O nosso relacionamento fundamental com Cristo chama-se fé. A fé é um modo de realizar a vida. Fé é mais do que crença, ou seja, é mais do que ter algo por verdadeiro. Também é mais do que uma pura e simples confiança. Fé é um modo de caminhar na vida e agradar a Deus (1 Ts 4, 1). Por isto, para nós, cristãos, não basta simplesmente crer que Cristo, no fim dos tempos, virá do céu para “julgar os vivos e os mortos”. É preciso que esta fé se transforme em um esperar Cristo e amar Cristo, um amor que se concretiza no amor aos homens. Decisivo, na nossa vida, é a esperança em Cristo. O cristão é um homem que tem esperança e sua esperança está ancorada em Cristo. A esperança, por sua vez, se desdobra em várias outras atitudes.
Ter esperança, para o cristão, não é meramente nutrir expectativas, mas é um esperar crente, serviçal, alegre, vigilante, amante e paciente na aflição. Uma atitude fundamental da esperança cristã é a vigilância. O evangelho de hoje chama a atenção para a vigilância em relação ao próprio coração: “ficai de sobreaviso para que os vossos corações não fiquem pesados pela embriaguez, pelas orgias e pelas preocupações da vida e que esse dia não caia sobre vós de modo imprevisto como uma armadilha” (Lc 21, 34). Justamente por manter-se sóbrio e vigilante na espera da vinda inesperada de Cristo é que o cristão não vive o seu tempo apoiado em expectativas sobre as coisas penúltimas e sobre as suas seguranças, esquecido das coisas últimas e definitivas. Pelo contrário, ele vive desprendido destas expectativas, ancorado apenas naquilo que dá o sentido definitivo de sua vida: o encontro com Cristo. À vigilância há que se acrescentar a oração incessante. É preciso que vigiemos e que rezemos a todo o momento, nos assinala o evangelho de hoje (Lc 21, 36). Quem vive assim, na fé e na esperança em Cristo, não deve temer os apertos, as precisões, as tribulações, nem os abalos e as perplexidades da história, nem mesmo os mais extremos (Lc 21, 25-26). Pois, quem assim vive, ficará de pé “diante do Filho do Homem” no momento do juízo definitivo sobre a história e as vidas de todos os homens (cfr. Lc 21, 36).

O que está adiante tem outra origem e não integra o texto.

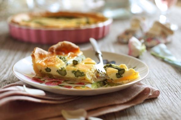Za tijesto pomiješajte brašno i omekšali maslac dok ne dobijete grudičastu smjesu. Dodajte jaje, kiselo vrhnje, šećer i sol pa umijesite tijesto. Kad izradite tijesto, stavite ga na tanjur, prekrijte plastičnom folijom i ostavite u hladnjaku 30-ak minuta. Šparoge očistite i nekoliko minuta prokuhajte u posoljenoj vodi. Procijedite ih te polovinu sitnije nasjeckajte.

A esperança cristã, porém, se consuma no amor. Paulo, na segunda leitura de hoje, diz: “Que o Senhor faça crescer e superabundar o amor” (1 Ts 3, 12). Esta “superabundância do amor” é o cerne do Sermão da Montanha, o discurso em que está resumido o essencial do viver cristão (Mt 5-7). A fé, a esperança e o amor superabundante fortalecem o coração do homem em face de Deus Pai e o prepara para o Advento glorioso de Cristo. Coloquemos hoje e sempre, no Senhor, a nossa confiança, como nos ensina o salmista no salmo de hoje (Sl 24/25). Digamos a ele: “faze-me conhecer os teus caminhos, Senhor; ensina-me tuas veredas. Faze-me caminhar para a tua verdade e ensina-me, és o Deus que me salva. Eu te espero o dia inteiro” (v. 4-5). Se confiarmo-nos ao Senhor ele também se confiará a nós, conforme nos diz ainda o salmo que recitamos hoje: “O Senhor se confia àqueles que o temem, dando-lhes a conhecer a sua aliança” (v. 14). Que possamos, pois, com a confiança que vem da fé, da esperança e do amor, caminhar nos caminhos do senhor, diante dele em “santidade irrepreensível”, como disse o Apóstolo Paulo (1 Ts 3, 13). Para que possamos isso, que o Senhor mesmo nos ajude. Amém.